Metformin in breast cancer - an evolving mystery
Breast Cancer Research volume 17, Article number: 88 (2015)
Metformin, a diabetes drug with well-established side effect and safety profiles, has been widely studied for its anti-tumor activities in a number of cancers, including breast cancer. But its mechanism of action in the clinical arena remains elusive. In a window of opportunity trial of metformin in non-diabetic breast cancer patients, Dowling and colleagues examined both the direct actions of the drug on cancer cells (as mediated by AMP kinase), as well as its indirect actions (as mediated by circulating insulin). The data suggest that short-term administration of metformin in this setting has anti-tumor effects significantly involving the indirect, insulin-dependent pathway. The role of the direct pathway remains to be determined. This study represents an important step forward in establishing one of several possible mechanisms for metformin, information that will be useful in determining candidate biomarkers to evaluate in large clinical trials of metformin, such as the ongoing NCIC CTG MA.32 trial of adjuvant metformin. The potential significance of these data for metformin in the treatment of breast cancer is discussed here.

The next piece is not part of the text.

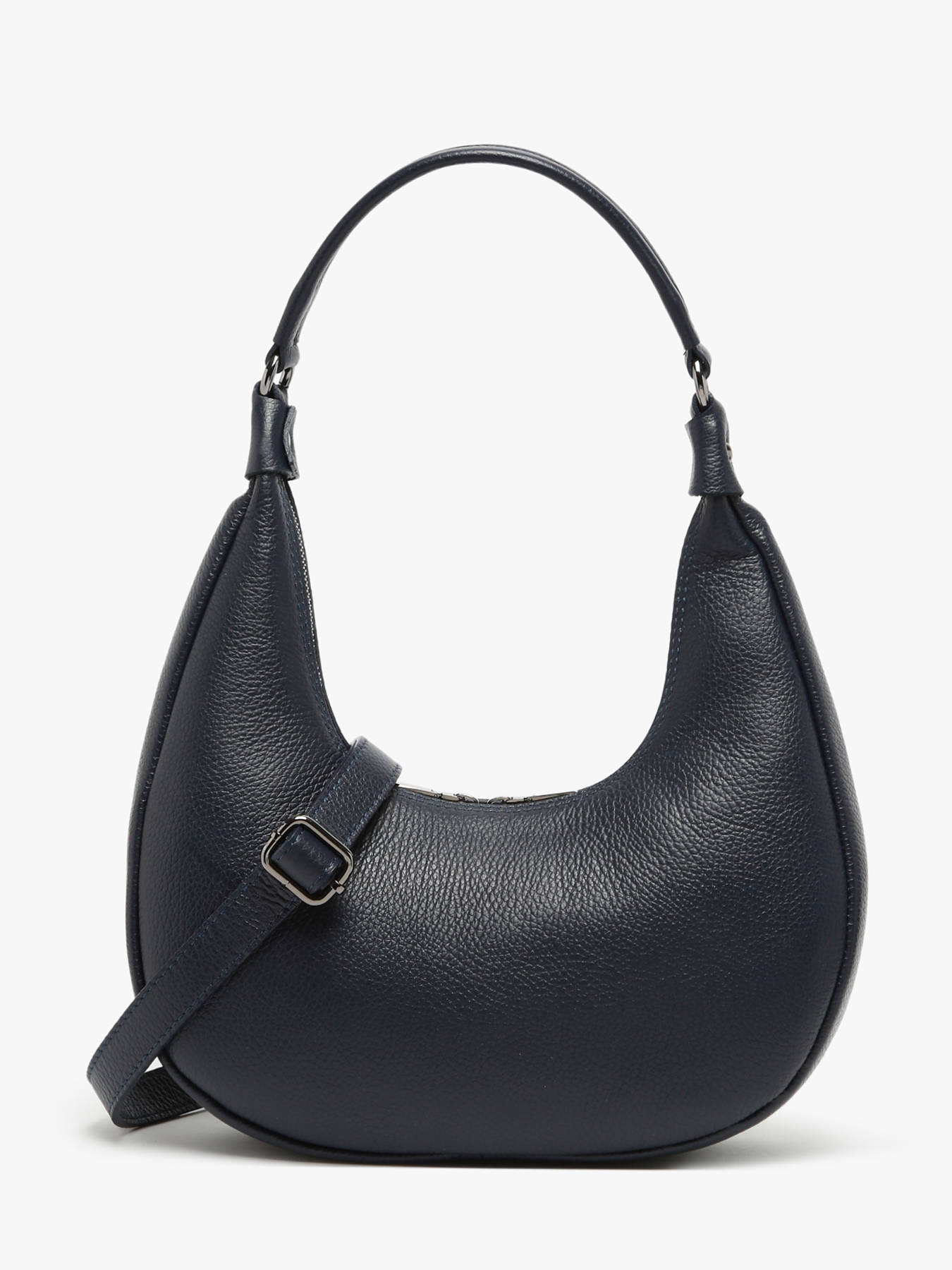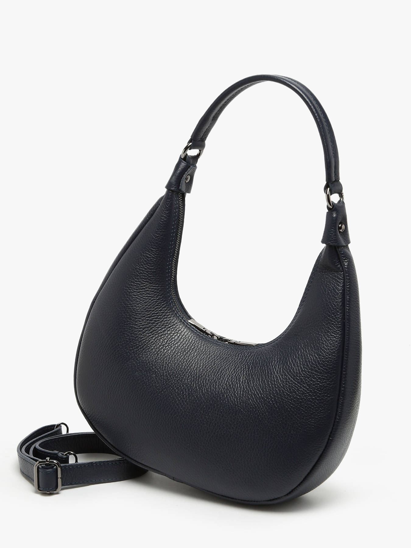 The MILANO shoulder bag, crafted from premium cowhide leather, combines elegance and functionality. With its timeless design, it offers great practicality through multiple carrying options: on the shoulder or crossbody, thanks to its adjustable and removable strap. The exterior features a convenient back zip pocket for your small essentials. The spacious and well-organized interior includes one main compartment, one slip pocket, and one zipped pocket to keep your belongings easily accessible. Its zip closure ensures your items stay securely stored. The handle's 30 cm drop provides comfortable wear for any occasion. This versatile and sophisticated model seamlessly transitions from busy days to elegant evenings.

Metformin has been studied in breast cancer, but its mechanism of action in the clinical arena remains unclear. Several trials have attempted to address this knowledge gap (Table 1) [1–10]. In a recent issue of Breast Cancer Research, Dowling and colleagues  present their mechanistic studies from a previously reported single arm, neoadjuvant, window of opportunity trial of metformin in non-diabetic breast cancer patients. Thirty-nine operable breast cancer patients were given metformin 500 mg three times daily for a median of 18 days (range 13 to 40). Their results demonstrate that short-term administration of metformin in this setting has anti-cancer properties significantly involving indirect actions of metformin.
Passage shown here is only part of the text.